18. The method according to any one of claims 11-13, wherein computing the mapping comprises: computing a KI x K2 or K2 x KI matrix D’, which is equal to or derived from another matrix of which an (i, j) or (j, i) element is a local distance between an i^l11 spectrum of the first spectra and a j^l11 spectrum of the second spectra for 1 < i < KI and 1 < j < K2, KI and K2 being respective numbers of the first spectra and the second spectra; computing a non-reversing path from D’[l, 1] to D’ [K1, K2] or to D’[K2, KI] that minimizes a sum of elements of D’ through which the path passes; and for each of the elements of D’ through which the path passes, mapping a pair of spectra corresponding to the element to one another.

19. The method according to any one of claims 11-13, further comprising, prior to modifying the digital note file, smoothing the mapping by fitting the mapping to a piecewise linear function including one or more linear segments. 17

20. The method according to claim 19, further comprising identifying one or more points in the mapping at which a second derivative of the mapping is not within a predefined range, wherein the piecewise linear function includes multiple linear segments joined to each other at respective coordinates of the identified points representing the second spectrogram.

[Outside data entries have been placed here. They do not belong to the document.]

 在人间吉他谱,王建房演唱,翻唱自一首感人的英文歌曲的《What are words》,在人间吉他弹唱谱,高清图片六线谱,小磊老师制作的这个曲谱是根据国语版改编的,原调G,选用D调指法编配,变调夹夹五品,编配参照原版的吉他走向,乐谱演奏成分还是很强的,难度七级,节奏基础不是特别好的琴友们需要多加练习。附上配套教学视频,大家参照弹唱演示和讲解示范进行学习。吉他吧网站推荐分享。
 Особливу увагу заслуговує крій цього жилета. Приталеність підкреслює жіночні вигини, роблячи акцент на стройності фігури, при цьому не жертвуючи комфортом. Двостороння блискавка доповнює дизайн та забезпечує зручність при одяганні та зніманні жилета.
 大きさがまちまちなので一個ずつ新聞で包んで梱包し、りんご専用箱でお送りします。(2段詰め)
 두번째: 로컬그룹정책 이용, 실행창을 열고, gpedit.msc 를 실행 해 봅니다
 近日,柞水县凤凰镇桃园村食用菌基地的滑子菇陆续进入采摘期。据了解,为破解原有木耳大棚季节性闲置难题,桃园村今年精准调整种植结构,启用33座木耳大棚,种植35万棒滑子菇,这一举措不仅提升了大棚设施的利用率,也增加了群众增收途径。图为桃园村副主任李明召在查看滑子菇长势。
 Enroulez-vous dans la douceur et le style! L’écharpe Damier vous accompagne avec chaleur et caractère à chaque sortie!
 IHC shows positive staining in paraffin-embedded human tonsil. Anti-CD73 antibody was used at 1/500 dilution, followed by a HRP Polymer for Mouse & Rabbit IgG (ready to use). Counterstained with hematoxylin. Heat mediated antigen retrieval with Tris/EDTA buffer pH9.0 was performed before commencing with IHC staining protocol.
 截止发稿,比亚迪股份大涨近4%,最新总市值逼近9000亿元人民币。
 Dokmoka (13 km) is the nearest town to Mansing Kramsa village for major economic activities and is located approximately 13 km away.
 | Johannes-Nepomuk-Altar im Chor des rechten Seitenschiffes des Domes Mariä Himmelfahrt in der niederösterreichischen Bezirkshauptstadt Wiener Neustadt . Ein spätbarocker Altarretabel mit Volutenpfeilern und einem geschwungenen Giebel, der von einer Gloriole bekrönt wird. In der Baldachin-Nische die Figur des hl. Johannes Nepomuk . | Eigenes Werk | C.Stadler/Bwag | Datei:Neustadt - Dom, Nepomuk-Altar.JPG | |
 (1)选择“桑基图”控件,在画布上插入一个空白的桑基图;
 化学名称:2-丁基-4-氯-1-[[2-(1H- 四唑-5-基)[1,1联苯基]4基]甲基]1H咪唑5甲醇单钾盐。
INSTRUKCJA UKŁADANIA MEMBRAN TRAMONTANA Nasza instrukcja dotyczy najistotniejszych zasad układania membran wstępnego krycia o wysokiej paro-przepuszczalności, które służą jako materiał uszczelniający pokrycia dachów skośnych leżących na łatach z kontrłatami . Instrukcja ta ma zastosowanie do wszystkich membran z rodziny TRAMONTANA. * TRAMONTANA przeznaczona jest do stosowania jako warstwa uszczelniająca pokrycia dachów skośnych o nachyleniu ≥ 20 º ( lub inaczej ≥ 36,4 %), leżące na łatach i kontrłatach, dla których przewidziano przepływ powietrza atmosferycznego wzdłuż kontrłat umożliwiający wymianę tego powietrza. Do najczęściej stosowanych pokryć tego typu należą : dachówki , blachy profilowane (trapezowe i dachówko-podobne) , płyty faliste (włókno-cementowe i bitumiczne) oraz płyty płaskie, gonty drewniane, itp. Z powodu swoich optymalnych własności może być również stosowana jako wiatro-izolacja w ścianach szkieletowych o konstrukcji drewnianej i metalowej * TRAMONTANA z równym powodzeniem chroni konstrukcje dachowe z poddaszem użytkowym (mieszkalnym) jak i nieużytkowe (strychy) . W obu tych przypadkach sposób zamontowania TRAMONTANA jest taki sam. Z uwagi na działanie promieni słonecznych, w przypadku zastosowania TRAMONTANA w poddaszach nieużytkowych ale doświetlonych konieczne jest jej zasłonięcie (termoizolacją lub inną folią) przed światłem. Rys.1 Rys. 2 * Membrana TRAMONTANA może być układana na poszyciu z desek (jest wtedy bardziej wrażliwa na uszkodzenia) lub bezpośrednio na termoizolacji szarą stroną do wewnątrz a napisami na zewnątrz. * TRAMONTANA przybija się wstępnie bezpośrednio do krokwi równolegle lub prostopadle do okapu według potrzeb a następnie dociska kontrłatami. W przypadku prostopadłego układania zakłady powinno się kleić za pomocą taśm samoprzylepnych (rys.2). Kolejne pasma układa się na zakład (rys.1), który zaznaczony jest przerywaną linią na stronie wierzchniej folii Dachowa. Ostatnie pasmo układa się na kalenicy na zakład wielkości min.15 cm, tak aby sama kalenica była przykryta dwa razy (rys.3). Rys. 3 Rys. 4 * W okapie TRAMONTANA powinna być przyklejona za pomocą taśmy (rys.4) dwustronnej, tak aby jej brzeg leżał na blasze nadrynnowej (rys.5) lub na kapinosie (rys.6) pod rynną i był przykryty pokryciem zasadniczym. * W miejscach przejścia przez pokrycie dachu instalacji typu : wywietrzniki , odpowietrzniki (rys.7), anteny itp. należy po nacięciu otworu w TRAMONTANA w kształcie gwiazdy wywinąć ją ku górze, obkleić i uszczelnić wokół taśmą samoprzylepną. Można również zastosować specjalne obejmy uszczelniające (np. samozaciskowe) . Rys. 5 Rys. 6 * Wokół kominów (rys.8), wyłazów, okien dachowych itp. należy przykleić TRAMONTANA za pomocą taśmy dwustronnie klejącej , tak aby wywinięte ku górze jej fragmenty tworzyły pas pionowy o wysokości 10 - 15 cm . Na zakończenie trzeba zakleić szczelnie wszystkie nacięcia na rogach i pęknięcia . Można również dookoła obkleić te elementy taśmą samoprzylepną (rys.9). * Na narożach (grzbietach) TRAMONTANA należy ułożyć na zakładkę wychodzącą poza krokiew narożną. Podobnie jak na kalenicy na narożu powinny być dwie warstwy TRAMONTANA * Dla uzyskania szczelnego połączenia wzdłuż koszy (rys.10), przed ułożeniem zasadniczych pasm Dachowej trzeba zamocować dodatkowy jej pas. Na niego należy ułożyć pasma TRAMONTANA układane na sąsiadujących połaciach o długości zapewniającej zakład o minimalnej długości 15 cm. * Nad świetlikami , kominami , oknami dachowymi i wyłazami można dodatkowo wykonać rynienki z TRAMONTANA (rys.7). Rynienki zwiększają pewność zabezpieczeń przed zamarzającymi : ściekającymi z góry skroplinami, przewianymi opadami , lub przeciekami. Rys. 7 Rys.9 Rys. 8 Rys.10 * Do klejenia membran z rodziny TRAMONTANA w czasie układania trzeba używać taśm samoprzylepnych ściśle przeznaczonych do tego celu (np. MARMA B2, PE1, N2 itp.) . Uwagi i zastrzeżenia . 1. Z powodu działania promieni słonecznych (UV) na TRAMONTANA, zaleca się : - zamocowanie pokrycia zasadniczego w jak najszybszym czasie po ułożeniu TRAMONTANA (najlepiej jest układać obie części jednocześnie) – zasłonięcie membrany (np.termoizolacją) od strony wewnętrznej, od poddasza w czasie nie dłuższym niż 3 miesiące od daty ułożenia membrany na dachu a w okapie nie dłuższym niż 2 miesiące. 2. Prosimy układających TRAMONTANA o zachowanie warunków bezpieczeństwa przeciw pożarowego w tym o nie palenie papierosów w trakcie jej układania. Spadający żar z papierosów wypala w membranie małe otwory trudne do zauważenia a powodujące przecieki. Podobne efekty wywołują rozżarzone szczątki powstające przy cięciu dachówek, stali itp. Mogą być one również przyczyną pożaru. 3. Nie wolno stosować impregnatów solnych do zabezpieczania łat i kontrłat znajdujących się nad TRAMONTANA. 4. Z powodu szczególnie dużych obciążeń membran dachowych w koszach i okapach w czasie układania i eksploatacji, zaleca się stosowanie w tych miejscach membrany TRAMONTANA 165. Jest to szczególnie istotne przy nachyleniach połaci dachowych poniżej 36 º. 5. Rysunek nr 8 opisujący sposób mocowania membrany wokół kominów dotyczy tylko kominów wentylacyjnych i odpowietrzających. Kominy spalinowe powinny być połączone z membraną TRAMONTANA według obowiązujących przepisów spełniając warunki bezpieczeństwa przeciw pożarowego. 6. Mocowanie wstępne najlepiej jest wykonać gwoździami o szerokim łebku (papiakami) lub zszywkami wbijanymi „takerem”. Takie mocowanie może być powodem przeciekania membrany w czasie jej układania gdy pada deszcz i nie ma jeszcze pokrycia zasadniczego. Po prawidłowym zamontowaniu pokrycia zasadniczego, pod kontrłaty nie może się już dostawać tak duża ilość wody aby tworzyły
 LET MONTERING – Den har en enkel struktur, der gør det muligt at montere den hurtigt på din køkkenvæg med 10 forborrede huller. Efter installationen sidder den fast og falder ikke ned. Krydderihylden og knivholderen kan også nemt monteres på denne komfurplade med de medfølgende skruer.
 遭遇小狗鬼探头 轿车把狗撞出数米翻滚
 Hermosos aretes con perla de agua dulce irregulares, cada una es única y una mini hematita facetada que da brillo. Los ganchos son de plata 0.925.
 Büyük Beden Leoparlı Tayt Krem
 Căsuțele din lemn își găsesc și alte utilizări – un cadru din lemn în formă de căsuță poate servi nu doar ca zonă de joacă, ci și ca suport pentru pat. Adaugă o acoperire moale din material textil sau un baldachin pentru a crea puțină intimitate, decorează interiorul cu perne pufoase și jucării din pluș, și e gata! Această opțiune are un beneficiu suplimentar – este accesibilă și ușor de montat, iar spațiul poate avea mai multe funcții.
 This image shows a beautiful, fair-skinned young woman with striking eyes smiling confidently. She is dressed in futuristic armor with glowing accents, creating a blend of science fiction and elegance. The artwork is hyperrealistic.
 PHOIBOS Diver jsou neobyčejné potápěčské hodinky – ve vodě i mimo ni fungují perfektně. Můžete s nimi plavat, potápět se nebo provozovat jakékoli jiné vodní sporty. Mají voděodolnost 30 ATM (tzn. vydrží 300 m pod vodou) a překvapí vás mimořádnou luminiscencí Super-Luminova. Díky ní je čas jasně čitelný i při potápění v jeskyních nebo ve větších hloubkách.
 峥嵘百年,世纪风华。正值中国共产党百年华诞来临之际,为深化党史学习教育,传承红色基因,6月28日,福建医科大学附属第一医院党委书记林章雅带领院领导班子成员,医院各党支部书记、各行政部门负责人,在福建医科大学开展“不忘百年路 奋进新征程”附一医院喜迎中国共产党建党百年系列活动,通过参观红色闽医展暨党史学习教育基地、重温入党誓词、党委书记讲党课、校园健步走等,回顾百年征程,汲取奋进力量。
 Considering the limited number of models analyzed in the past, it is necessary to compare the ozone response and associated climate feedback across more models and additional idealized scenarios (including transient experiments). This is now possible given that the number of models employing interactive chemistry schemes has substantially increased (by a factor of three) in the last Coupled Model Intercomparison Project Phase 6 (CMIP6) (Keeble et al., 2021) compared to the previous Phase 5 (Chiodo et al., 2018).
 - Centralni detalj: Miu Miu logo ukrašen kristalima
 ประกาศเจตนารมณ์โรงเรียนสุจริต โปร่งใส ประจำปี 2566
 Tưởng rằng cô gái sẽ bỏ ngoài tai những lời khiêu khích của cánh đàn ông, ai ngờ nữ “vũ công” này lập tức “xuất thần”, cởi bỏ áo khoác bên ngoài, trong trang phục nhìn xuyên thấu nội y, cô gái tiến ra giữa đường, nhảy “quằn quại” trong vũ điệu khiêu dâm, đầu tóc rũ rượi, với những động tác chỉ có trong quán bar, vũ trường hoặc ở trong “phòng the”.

21. A computer software product comprising a tangible non-transitory computer-readable medium in which program instructions are stored, which instructions, when read by a processor, cause the processor to: compute a first spectrogram of a first audio file, compute a second spectrogram of a second audio file generated from a digital note file, compute a mapping between first spectra of the first spectrogram and respective second spectra of the second spectrogram that minimizes a distance measure under predefined constraints, and based on the mapping, shift, and adjust respective durations of, notes in the digital note file so as to increase an alignment of the notes with the first audio file.